Offer a strip of fresh sourdough about the size of two adult fingers together, roughly 5 cm long and 2 cm wide, so your baby can hold one end while gnawing on the other. Choose a soft, fresh loaf rather than day-old bread to ensure it is moist and easy to gum. You can serve sourdough plain or spread lightly with mashed avocado, unsalted nut or seed butter (if allergens have been introduced), or a thin layer of full-fat yoghurt to add moisture and nutrition.
9–11 months
Continue offering strips of soft sourdough bread in a size your baby can hold easily, or cut into smaller pieces as their pincer grasp develops. At this stage, babies may enjoy sourdough topped with hummus, mashed beans, or soft cheese to practise picking up finger foods with different textures. You can also serve sourdough alongside other foods as part of a balanced meal, encouraging self-feeding and exploration.
12–24 months
Toddlers can manage slightly firmer textures, so lightly toasted sourdough strips or small squares work well for this age group. You can serve sourdough as part of a sandwich with fillings like mashed egg, soft cheese, or nut butter, cut into manageable pieces. Sourdough also makes a good vehicle for dips like hummus or guacamole, helping to build independent eating skills and exposing your child to a variety of flavours.

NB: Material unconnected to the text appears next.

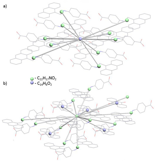 (a) C14H8O2 (top) and (b) C22H17NO2 (bottom) molecular environments that are determined in the underlying net in the standard representation of the Coulomb or vdW-bonded molecular structure of L3. Hydrogen atoms were omitted for clarity.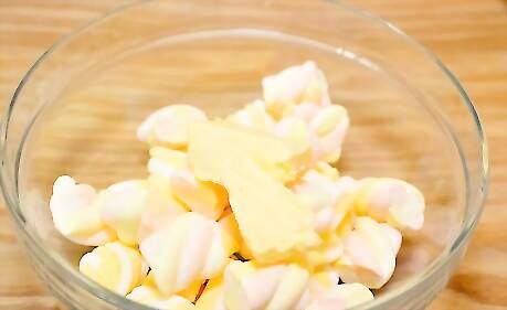 Melt the peeps. Add the butter to a small saucepan and place it over low heat. Slowly melt the Peeps in the melted butter. Stir continuously to avoid the mixture becoming burnt.

Common questions about Bread sourdough strip
Should I toast sourdough bread for my baby?
Lightly toasting sourdough can make it easier for babies to grip, but avoid crisping it too much as very hard or dry bread poses a greater choking risk. A gentle toast that keeps the inside soft is ideal for older babies from around 12 months.
Can I give my baby the crust of sourdough bread?
Yes, sourdough crusts are generally safe for babies from 6 months as long as they are not overly hard or thick. If the crust seems too tough, you can remove it or choose softer loaves with a thinner crust.
How do I choose sourdough bread for baby-led weaning?
Look for sourdough made with just flour, water, salt, and starter culture. Avoid loaves with added sugar, honey, nuts, seeds, or excessive salt, and check the ingredients list to ensure it suits your baby's stage of development.